-- Task material follows --

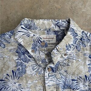 Weatherproof Mens Linen Shirt Blue White Floral Button Up Pocket NWOT
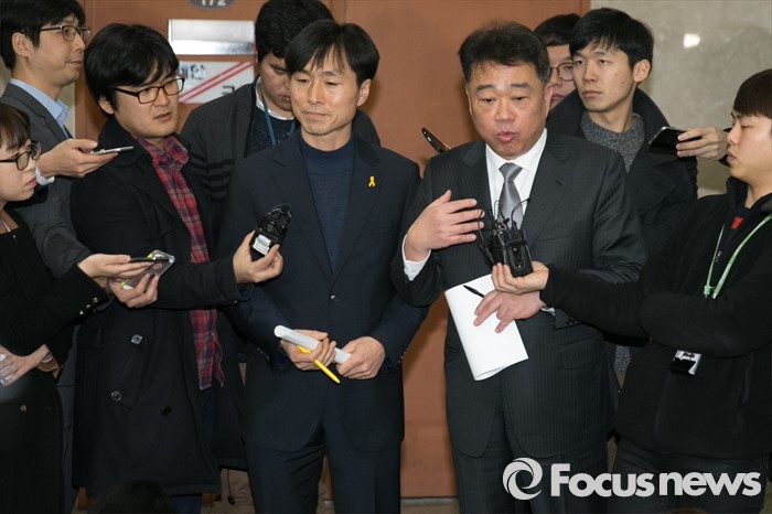 (서울=포커스뉴스) 김성수(오른쪽) 더불어민주당 대변인과 한창민 정의당 대변인이 25일 오후 서울 여의도 국회 정론관에서 문재인 더불어민주당 대표와 심상정 정의당 상임대표 회동 결과에 대한 브리핑을 마친 뒤 취재진 질문에 답하고 있다. 이날 문 대표와 심 대표는 20대 총선에 대비한 사실상 연대방침을 확인했다.
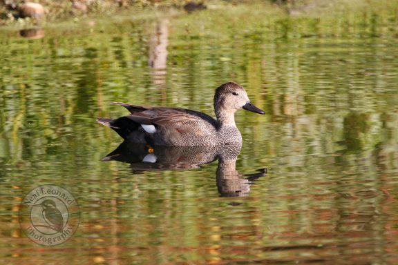 Gadwall drake at Brandon Marshes, gliding on still water in golden sunrise light.
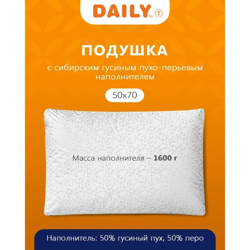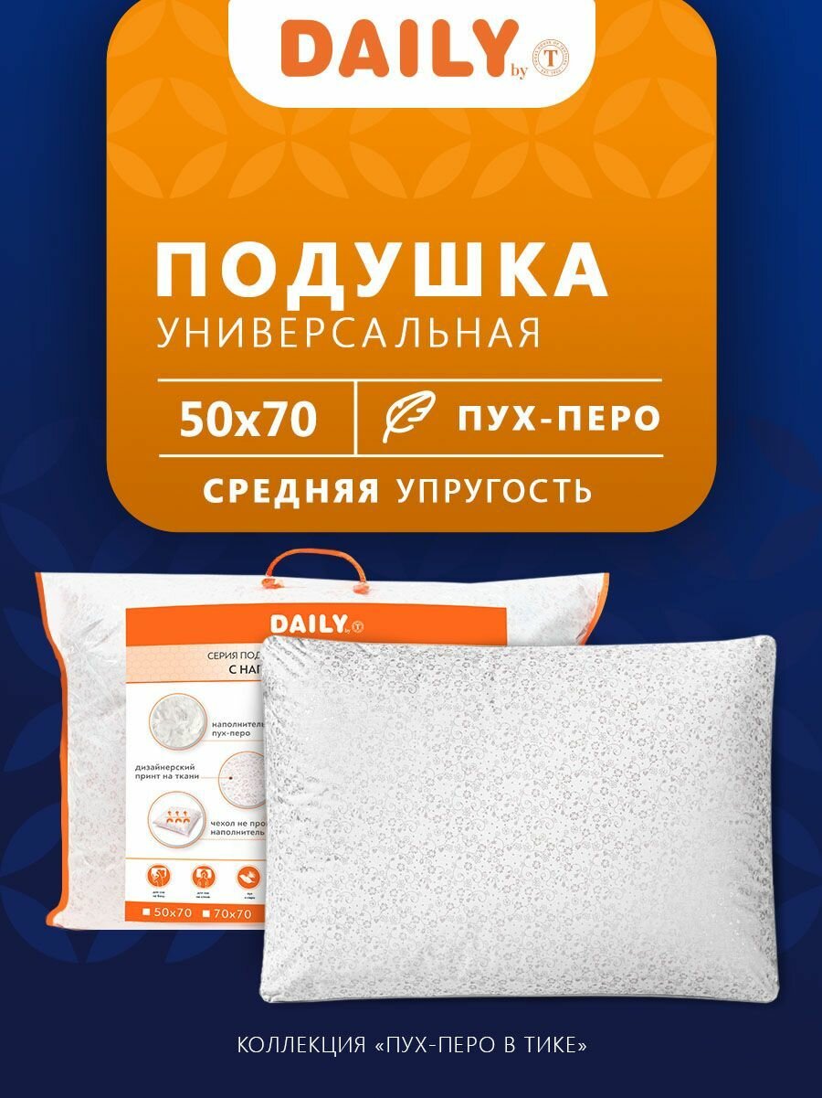 Купить Daily by T Подушка "Пух-перо в тике" хлопок, пух Уральского гуся, Средняя жесткость, 50x70 1-пр.
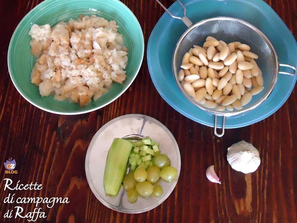 – Ammollate il pane, strizzatelo ed inseritelo nel frullatore insieme alle mandorle scolate, l’aglio, l’aceto e il sale.
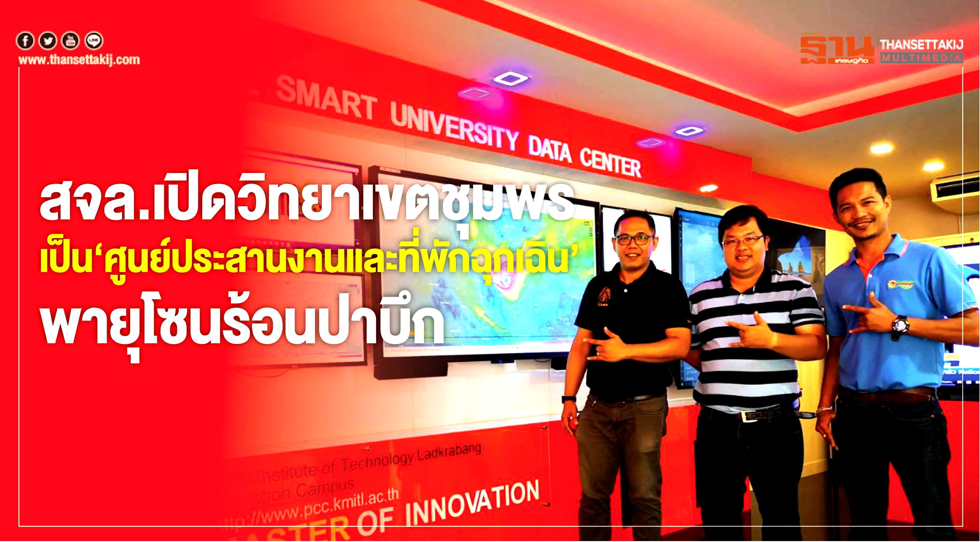 สถาบันเทคโนโลยีพระจอมเกล้าเจ้าคุณทหารลาดกระบัง (สจล.) วิทยาเขตชุมพรเขตรอุดมศักดิ์ เปิด“ศูนย์ประสานงานและที่พักฉุกเฉินผู้ประสบภัยพายุโซนร้อนปาบึก” เพื่อเป็นจุดพัก จุดหลบภัยชั่วคราว สำหรับผู้ประสบภัยตลอดจนเพื่อช่วยเหลือและอำนวยความสะดวกแก่ประชาชน และเป็นศูนย์กลางการประสานงานอาสาสมัคร จากหน่วยงานต่างๆ และประชาชนที่จะมาเป็นจิตอาสาในด้านต่างๆ อาทิ ศูนย์ปฐมพยาบาล น้ำ-อาหาร ห้องน้ำสะอาดในอาคาร ฯลฯ
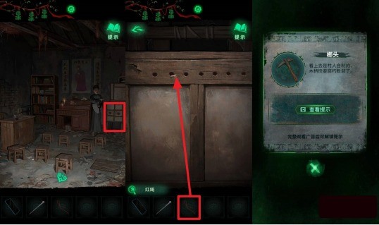 返回车旁边的学堂,点击说书木偶旁边的白箱子,选择【红绳】系在断掉的绳子上,再继续点白箱子触发剧情,获得【榔头】。
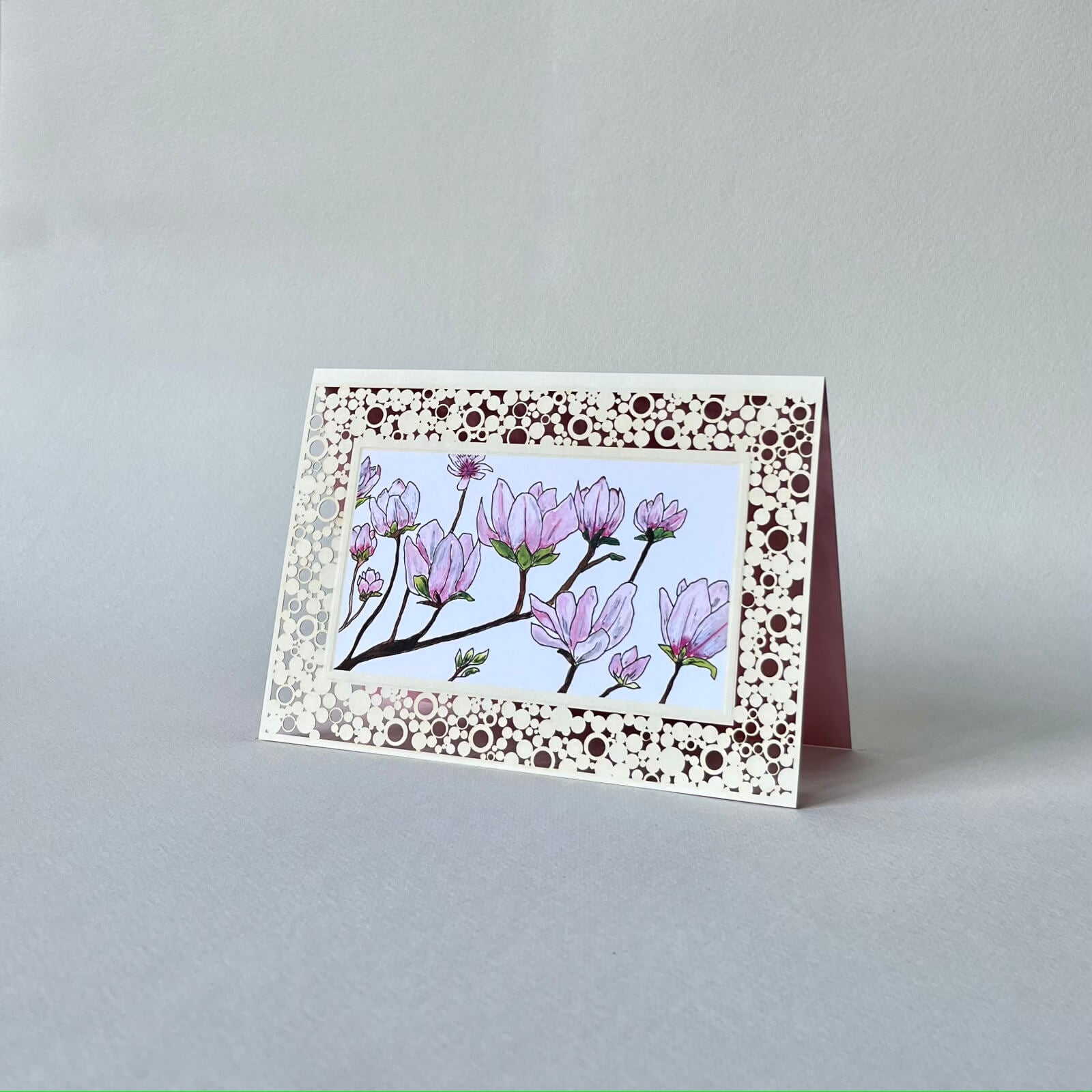 Die Karten sind im Querformat und werden mit einem cremefarbenen Kuvert geliefert.
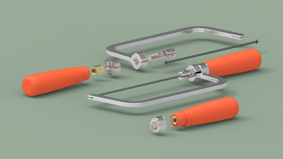 它有一個剛性金屬框架(平鋼)和一個木柄,用于精確模擬標準鋸片。 框架是由一個鋼帶(寬度10毫米,厚度5毫米) ,隨后彎曲,部分機加工和陽極氧化。 手柄有一個螺紋六角螺母,用于拉緊鋸片連接螺紋張緊螺栓,通過轉動手柄在順時針方向。
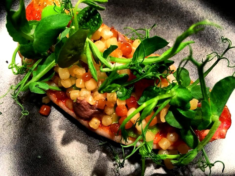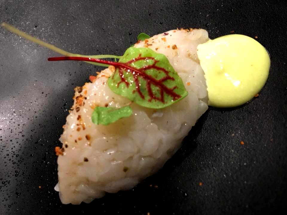 Una cucina P.O.P. nelle forme e nei prezzi. Altamente soddisfacente dal punto di vista gustativo. Una cifra gastronomica coinvolgente senza banalizzarsi in prevaricazione filosofica. Andrea Dolciotti è uno chef filologicamente aderente alla tradizione, che sia la nostra o quella di un altro paese. Uno chef che non disdegna tornare alle origini. Baccalà Godus Morua, Ceci & Cipolla Croccante. Piatto ben strutturato, solido, semplice ma di gran sapore. La sapidità della crema farinosa è ben calibrata, il Baccalà è sfogliatissimo e le cipolle croccanti sono un quid in più. Difficilmente criticabile il crudo di calamaro con mayo al wasabi. Ben eseguito, il crumble tiene gli elementi insieme a dovere. Due poli opposti. Entrambi esempi di una cucina di mare votata all’essenzialità, al rispetto per le materie prime e alla scelta di una direttrice che intercetta pochi ingredienti, filosofia derivante dalle influenze del sol levante. Andrea Dolciotti soprattutto sul Baccalà è riuscito a costruire un retro-morso affumicato molto interessante.
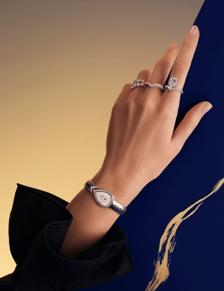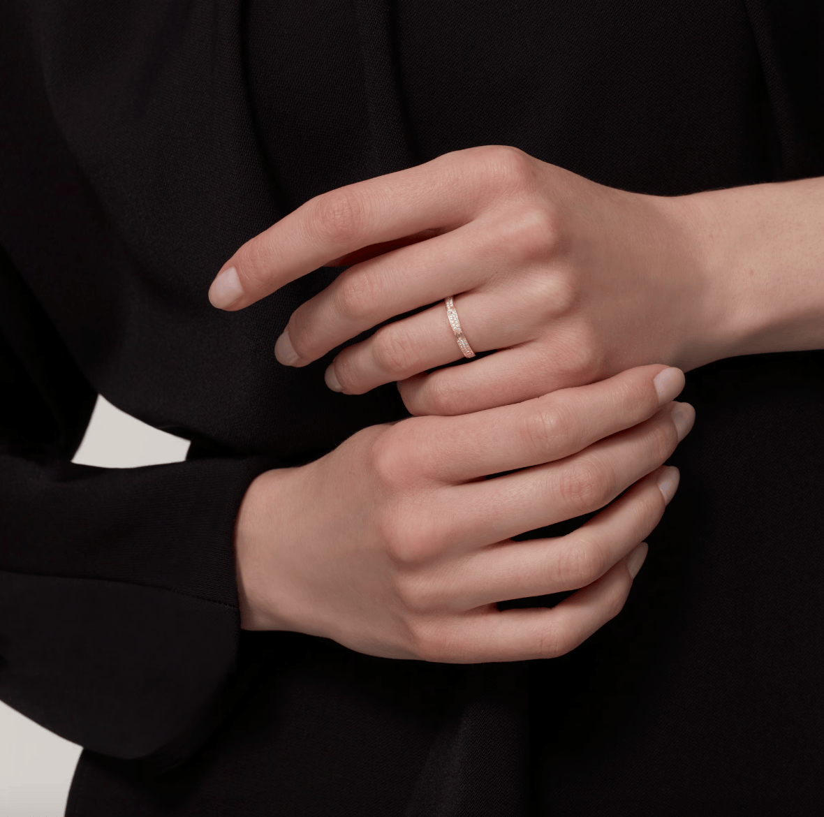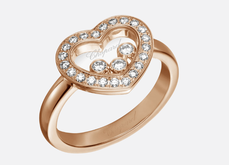 萧邦,自1860年在瑞士创立以来,不仅在高级钟表界享有盛誉,其珠宝设计也同样出色。萧邦戒指以“Happy Diamonds”系列最为人熟知,独特的设计让钻石在两片透明水晶之间自由滑动,闪烁跳跃,象征着快乐和自由。
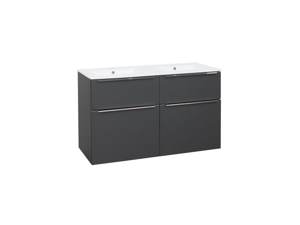 EBS Nevio Skříňka a keramické umyvadlo Slim 121 cm, antracitově šedá
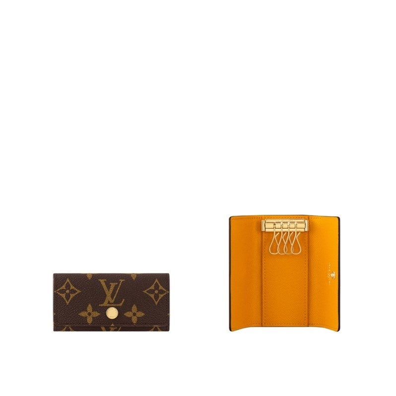 ルイ·ヴィトンのアイコニックなモノグラム·キャンバスに鮮やかな色合いのレザーでライニングを施した「ミュルティクレ 4」。折り畳むとバッグやポケットにすっきりと収まる、普段使いに欠かせないアクセサリーです。開くと内側には4つのメタル製のキーフックを備えています。フラップにはゴールドカラーのスナップボタンをあしらいました。

-- Task material concluded --

What the exercise asks —
Only the lines from the line with "萧邦,自1860年在瑞士创立" to the end of the records should be repeated, exactly and without pictures.

Problem solution —
 萧邦,自1860年在瑞士创立以来,不仅在高级钟表界享有盛誉,其珠宝设计也同样出色。萧邦戒指以“Happy Diamonds”系列最为人熟知,独特的设计让钻石在两片透明水晶之间自由滑动,闪烁跳跃,象征着快乐和自由。
 EBS Nevio Skříňka a keramické umyvadlo Slim 121 cm, antracitově šedá
 ルイ·ヴィトンのアイコニックなモノグラム·キャンバスに鮮やかな色合いのレザーでライニングを施した「ミュルティクレ 4」。折り畳むとバッグやポケットにすっきりと収まる、普段使いに欠かせないアクセサリーです。開くと内側には4つのメタル製のキーフックを備えています。フラップにはゴールドカラーのスナップボタンをあしらいました。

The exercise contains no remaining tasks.